Fig. 8 shows an apparatus according to an embodiment in a simplified block chart.

Description of Example Embodiments

Figure 1 shows a computer graphics system suitable to be used in image processing, for example in a media compression or decompression process according to an embodiment. The generalized structure of the computer graphics system will be explained in accordance with the functional blocks of the system. Several functionalities can be carried out with a single physical device, e.g. all calculation procedures can be performed in a single processor if desired. A data processing system of an apparatus according to an example of Fig. 1 comprises a main processing unit 100, a memory 102, a storage device 104, an input device 106, an output device 108, and a graphics subsystem 1 10, which are all connected to each other via a data bus 1 12.

The main processing unit 100 is a conventional processing unit arranged to process data within the data processing system. The main processing unit 100 may comprise or be implemented as one or more processors or processor circuitry. The memory 102, the storage device 104, the input device 106, and the output device 108 may include conventional components as recognized by those skilled in the art. The memory 102 and storage device 104 store data in the data processing system 100. Computer program code resides in the memory 102 for implementing, for example, computer vision process or a media compression process. The input device 106 inputs data into the system while the output device 108 receives data from the data processing system and forwards the data, for example to a display or for transmission to a receiver. The data bus 1 12 is a conventional data bus and while shown as a single line it may be any combination of the following: a processor bus, a PCI bus, a graphical bus, an ISA bus. Accordingly, a skilled person readily recognizes that the apparatus may be any data processing device, such as a computer device, a personal computer, a server computer, a mobile phone, a smart phone or an Internet access device, for example Internet tablet computer.
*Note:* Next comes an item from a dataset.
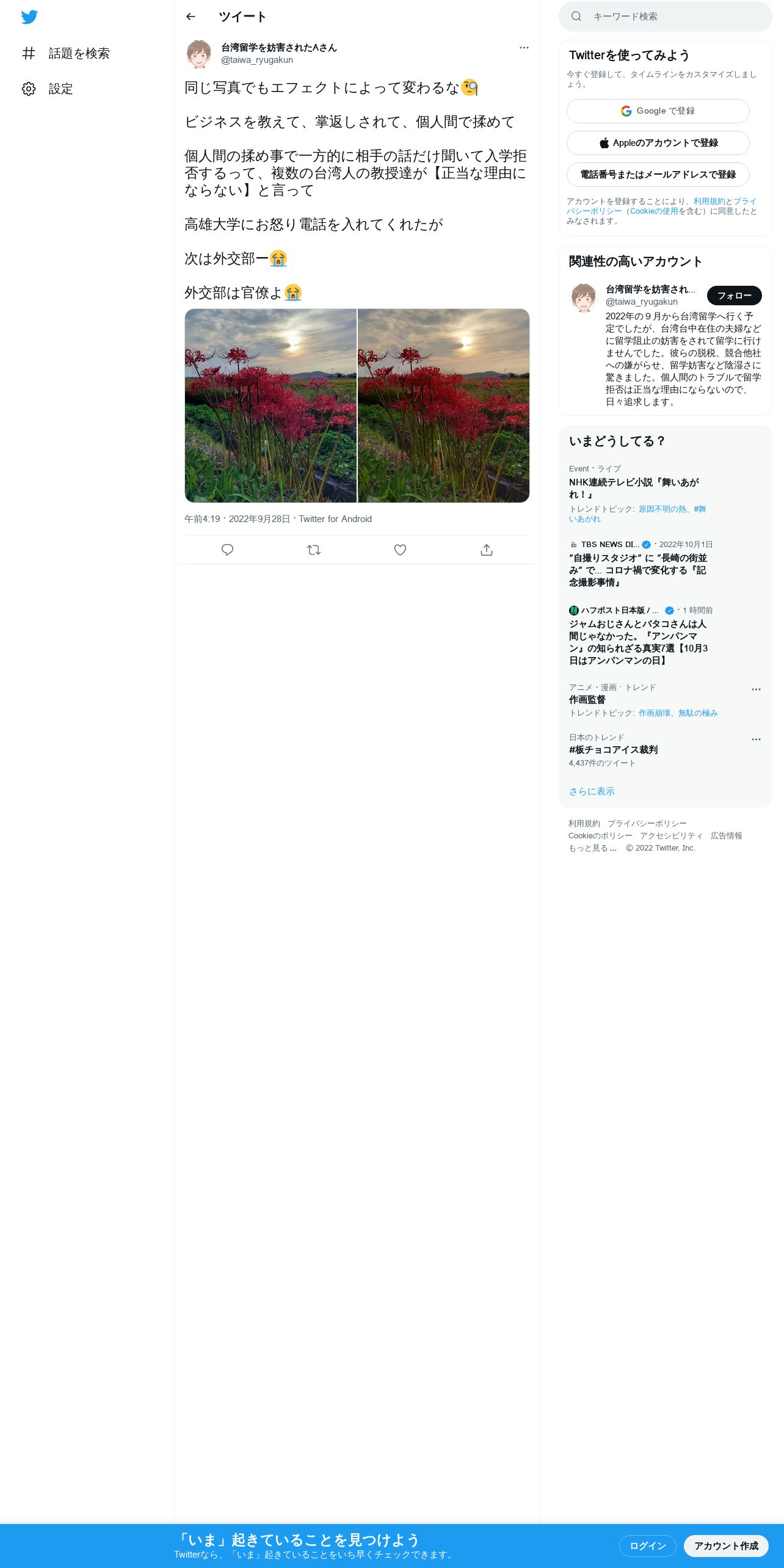https://twitter.com:443/taiwa_ryugakun/status/1574977024933826560

It needs to be understood that different embodiments allow different parts to be carried out in different elements. For example, various processes of the media compression or decompression system may be carried out in one or more processing devices; for example, entirely in one computer device, or in one server device or across multiple user devices. The elements of media compression or decompression process may be implemented as a software component residing on one device or distributed across several devices, as mentioned above, for example so that the devices form a so-called cloud.

The present embodiments relate to data compression, communication, and decompression, and to the field of machine learning and artificial intelligence.

Data compression, such as image and video compression, comprises reducing the amount of data used to represent certain information. The output of such an operation is a reduced set of data, which occupies less memory space or can be transmitted using less bitrate or bandwidth. For example, image compression consists of removing data from the original image, which can be easily predicted from the rest of the data by exploiting for example redundancies (smooth regions). An example of image compressor is JPEG (Joint Photographic Experts Group) standard. In the video domain, compression exploits also temporal redundancy, as objects and regions usually move at a low pace compared to the frame sampling rate. An example of video compressor is the H.264 standard. In general, compression can be either loss-less or lossy, meaning that the reconstruction of the original data from the compressed data may be perfect or non-perfect, respectively. Reconstruction of the original data, or an estimate of the original data, from the compressed data may be referred to as decompression.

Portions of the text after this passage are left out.